Shown here are the age spectra from two analyses of the same plagioclase shown above in the photomicrograph. Each step age is shown as a box with a length corresponding to the relative amount of argon released and height corresponding to the estimated uncertainty in age. All the steps from each age spectrum are in good agreement and are termed plateau ages. These results indicate that the plagioclase has remained a closed system since eruption and that the age is reliable. To achieve maximum precision, as many as eight such age spectra may be generated from a single sample.
Geochronology is one of the most fundamental aspects of this project. Ongoing work aims to further constrain where the Cretaceous-Paleogene boundary occurs within in the sequence of lava flows, which will enable testing our hypothesis (Richards et al., 2015; Renne et al., 2015) that a fundamental change in the magmatic system was triggered by the Chicxulub impact.
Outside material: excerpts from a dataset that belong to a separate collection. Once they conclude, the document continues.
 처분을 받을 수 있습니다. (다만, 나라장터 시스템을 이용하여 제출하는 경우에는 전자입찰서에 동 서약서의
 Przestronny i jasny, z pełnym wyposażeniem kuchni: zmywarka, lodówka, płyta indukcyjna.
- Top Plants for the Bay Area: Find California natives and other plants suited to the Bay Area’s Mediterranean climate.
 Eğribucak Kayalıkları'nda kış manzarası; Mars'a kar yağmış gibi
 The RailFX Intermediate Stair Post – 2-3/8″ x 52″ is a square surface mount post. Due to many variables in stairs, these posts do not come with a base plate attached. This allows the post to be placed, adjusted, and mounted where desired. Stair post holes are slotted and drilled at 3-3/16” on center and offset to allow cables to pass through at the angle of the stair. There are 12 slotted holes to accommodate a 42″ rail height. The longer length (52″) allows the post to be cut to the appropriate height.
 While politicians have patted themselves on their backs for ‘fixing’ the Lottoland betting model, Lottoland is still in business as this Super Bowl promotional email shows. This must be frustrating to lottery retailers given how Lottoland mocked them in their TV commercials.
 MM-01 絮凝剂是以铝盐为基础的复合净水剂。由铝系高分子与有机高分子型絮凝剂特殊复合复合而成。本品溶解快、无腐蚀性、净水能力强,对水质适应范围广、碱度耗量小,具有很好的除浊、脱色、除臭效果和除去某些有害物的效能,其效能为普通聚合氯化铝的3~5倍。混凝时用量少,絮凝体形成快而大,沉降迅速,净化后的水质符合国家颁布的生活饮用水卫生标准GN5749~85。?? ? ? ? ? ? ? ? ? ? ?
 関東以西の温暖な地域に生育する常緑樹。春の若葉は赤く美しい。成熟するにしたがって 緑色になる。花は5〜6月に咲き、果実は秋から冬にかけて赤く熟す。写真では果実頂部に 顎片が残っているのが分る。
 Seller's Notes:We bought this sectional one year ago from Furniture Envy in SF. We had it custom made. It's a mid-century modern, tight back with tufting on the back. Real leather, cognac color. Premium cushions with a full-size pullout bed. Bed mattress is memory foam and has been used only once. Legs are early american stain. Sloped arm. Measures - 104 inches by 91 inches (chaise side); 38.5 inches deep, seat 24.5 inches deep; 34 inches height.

Improved geochronology is also aimed at better constraining the tempo of eruptions and the geographic spread of eruptions over time.
Further reading
- McDougall, I. and T. M. Harrison, 1999, Geochronology and thermochronology by the 40Ar/39Ar method (2nd Edition), Oxford Univ. Press, 261 pp.
- Renne, P.R., C. J. Sprain, M. A. Richards, S. Self, L. Vanderkluysen, and K. Pande, 2015, State-shift in Deccan volcanism at the Cretaceous-Paleogene boundary possibly induced by impact, Science, 350, 76-78.
- Renne, P.R., 2006, Progress and Challenges in K-Ar and 40Ar/39Ar Geochronology, in Geochronology: Emerging Opportunities (T.D. Olszewski, Ed., Paleontological Society Papers, 12, 47-66.
- Richards, M.A., W. Alvarez, S. Self, L. Karlstrom, P. R. Renne, M. Manga, C. J. Sprain, J. Smit, L. Vanderkluysen, and S. A. Gibson, 2015, Triggering of the Largest Deccan Eruptions by the Chicxulub Impact, Geological Society of America Bulletin, 127, 1507-1520.